Plants have developed many mechanisms and pathways that enable them to minimize the negative effects of low temperature and to successfully grow and reproduce [9]. Osmolytes induced by low-temperature stress, including proline, soluble sugars, and cold-induced stress proteins (dehydrins and LEA proteins), can improve the osmotic potential of cells, protect the stability of biological membranes, alleviate oxidative damage limitations, and even act as signals to regulate the expression of stress-related genes [10, 11]. The overexpression of SlNAM1, which encodes a typical NAC, improves low-temperature tolerance in transgenic tobacco by improving osmolytes and reducing the H2O2 and superoxide anion radical (O2.-) contents under low temperature, which contribute to alleviating the oxidative damage of the cell membrane after low-temperature stress [12]. Low temperature induces the production of Ca2+, which can be sensed by corresponding receptors, among which lipid Ca2+ channels may be the primary cryogenic signal receptors, and can then activate calcium response protein kinase (CPKs, CIPKs, and CRLK1) and MAPK cascade responses, which in turn regulate the expression of cold-responsive (COR) genes [13, 14]. The overexpression of COLD1 (jap) significantly increases chilling tolerance; COLD1 interacts with the G-protein alpha subunit to activate Ca2+ channels to sense low temperature and to accelerate G-protein GTPase activity [15]. Low-temperature stress rapidly induces the expression of many transcription factors (TFs), including CBF AP2-domain proteins, which then activate the expression of numerous downstream COR genes [16,17,18]. The expression of the CBF gene is controlled by upstream TFs, such as the bHLH TF ICE1. ICE1 is subjected to sumoylation and polyubiquitylation and subsequent proteasomal degradation mediated by the SUMO E3 ligase SIZ1 and the ubiquitin E3 ligase HOS1, respectively [13, 16].
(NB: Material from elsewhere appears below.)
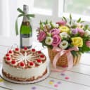 Order for delivery of Lovely Mixed Roses Basket with Butter Scotch Cake n Sparkling Juice to your special one. This flowers gift combo includes: Details:</br) Type of Flowers: Roses Flower Color: Assorted Type of Arrangement: Basket Type of Cake: Butter Scotch Cake Shape of Cake: Round Weight: 1/2 kg Type of Juice: Fruit Juice (Non Alcoholic) Volume: 750ml.
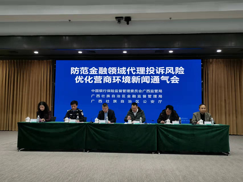为宣传非法代理投诉的危害性,扩大《关于防范金融领域代理投诉风险优化营商环境的通告》知晓度,2022年1月20日,广西银保监局、自治区金融监管局、自治区公安厅联合召开防范金融领域代理投诉风险优化营商环境新闻通气会。广西银保监局人身险处处长莫利宁、自治区金融监管局银保处负责人、自治区公安厅相关处室负责人出席会议,会议由广西银保监局消保处李蕊副处长主持,广西银行业协会吴庆平专职副会长应邀参加了会议。

Single-molecule long-read (SMRT) sequencing, which was developed by PacBio Biosciences RSII, represents a third-generation sequencing platform. Owing to its long reads, this platform is widely used in genome sequencing, and by generating full-length or long sequences, it has eliminated many restrictions associated with sequencing [19,20,21,22]. Next-generation sequencing (NGS) technology (RNA sequencing [RNA-seq]) can provide expression profiles of both coding or noncoding RNAs and can generate digital data of gene expression, enabling rapid and cost-effective genomic and transcriptomic studies for most major crop species, including rice [23], wheat [24], and grape [25]. The approach by which NGS and SMRT sequencing are combined has been applied frequently to generate comprehensive information at the transcriptional level, allowing the identification of key functional and regulatory genes involved in abiotic stress resistance [26,27,28]. The changes in gene expression in response to low temperature stress revealed by transcriptome analyses including TFs, protein kinases, small non-coding RNAs and enzymes in metabolic pathways, which regulated the expression of downstream genes, target genes, and protected cells from low-temperature damage [29, 30].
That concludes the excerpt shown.